(Dataset entries Opens)
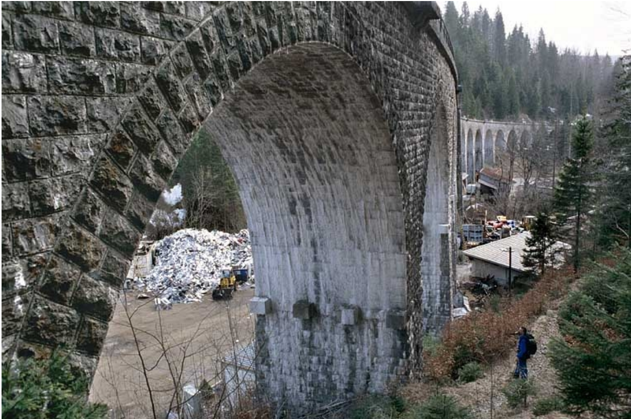
Une arche côté Andelot-en-Montagne, vue en enfilade.
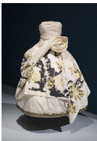
Figure 15. 적묵법 패션디자인 3. From Lisa Richardson. (n.d.). http://www.pinterest.co.kr

많이 사용되며, <Figure 10-12>와 같이 먹을 쏟거나 뿌려서 표현 효과를 주는 발묵(潑墨)법도 자주 사용된다. 꽃이나 풍경의 사실적인 묘사를 적용한 패션디자인에서는 <Figure 13-15>와 같은 적묵(寂墨)법을 주로 사용한다(Huang, 2009).
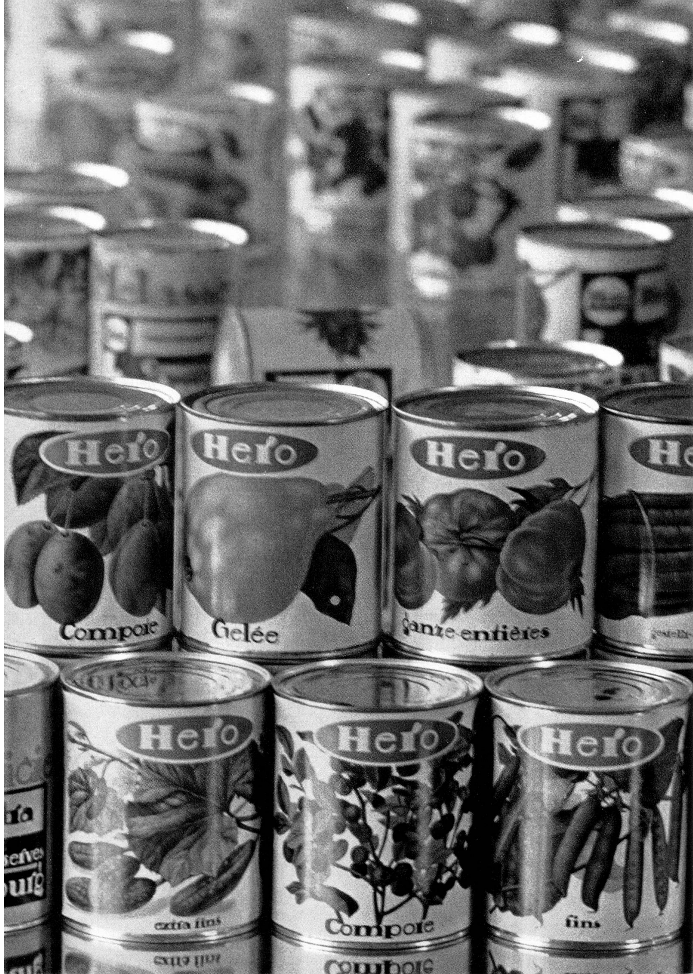
Einige Produkte der Hero Conserven Lenzburg und Frauenfeld
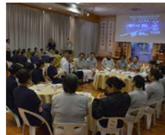
學員們交流對課程的感受及做心得分享

慈濟是一個互相成就的菩薩道場，大家在這裡彼此付出，彼此感恩，不斷成長，並把愛、善的種子傳播出去，以圓上人「人心淨化、社會祥和、天下無災難」的大願。
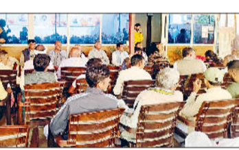
महेंद्रगढ़। कार्यकर्ताओं को दिशा-निर्देश देते विधायक।
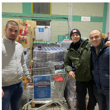
Детаљ са акције

Под окриљем Хуманитарне организације „Сви за Космет“ у Пријепољу се десету годину заредом организује традиционална хуманитарна акција прикупљања празничних пакетића. Циљ акције је да новогодишњи поклони стигну до сваког детета на Косову и Метохији, а захваљујући подршци градова широм Србије и дијаспоре, овај циљ се из године у годину успешно остварује.
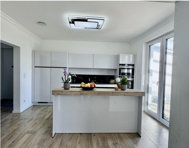
Hauptwohnung Einbauküche I
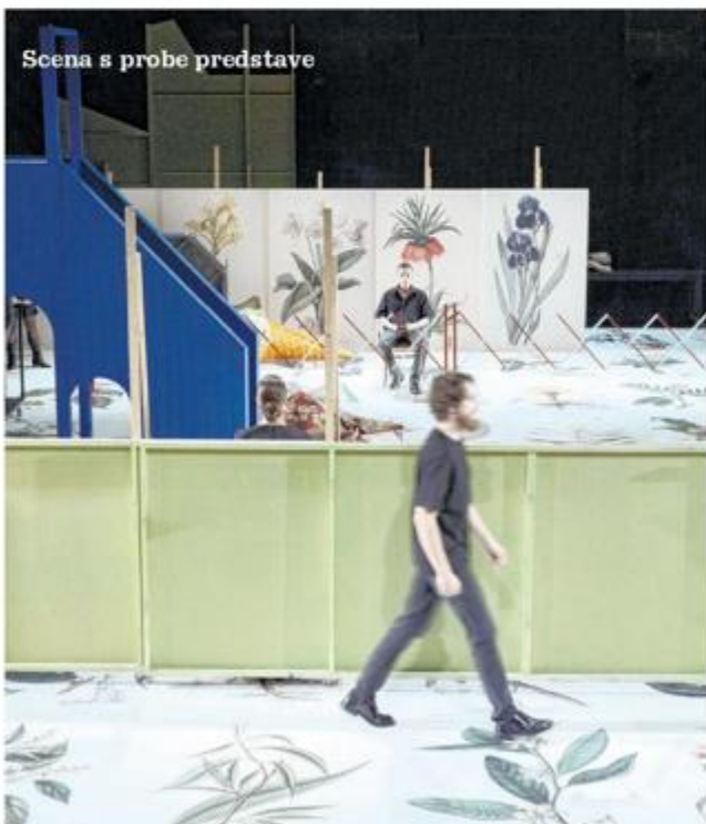
Scena s probe predstave
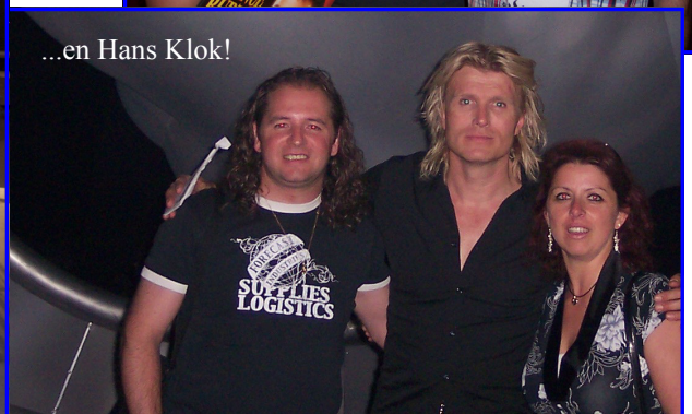
...en Hans Klok!
(Dataset entries Closes)
Exercise goal: Give again, word for word, only the lines from the line containing "Детаљ са акције" through the last line above, both included; leave the pictures out.

Reply:
Детаљ са акције

Под окриљем Хуманитарне организације „Сви за Космет“ у Пријепољу се десету годину заредом организује традиционална хуманитарна акција прикупљања празничних пакетића. Циљ акције је да новогодишњи поклони стигну до сваког детета на Косову и Метохији, а захваљујући подршци градова широм Србије и дијаспоре, овај циљ се из године у годину успешно остварује.
Hauptwohnung Einbauküche I
Scena s probe predstave
...en Hans Klok!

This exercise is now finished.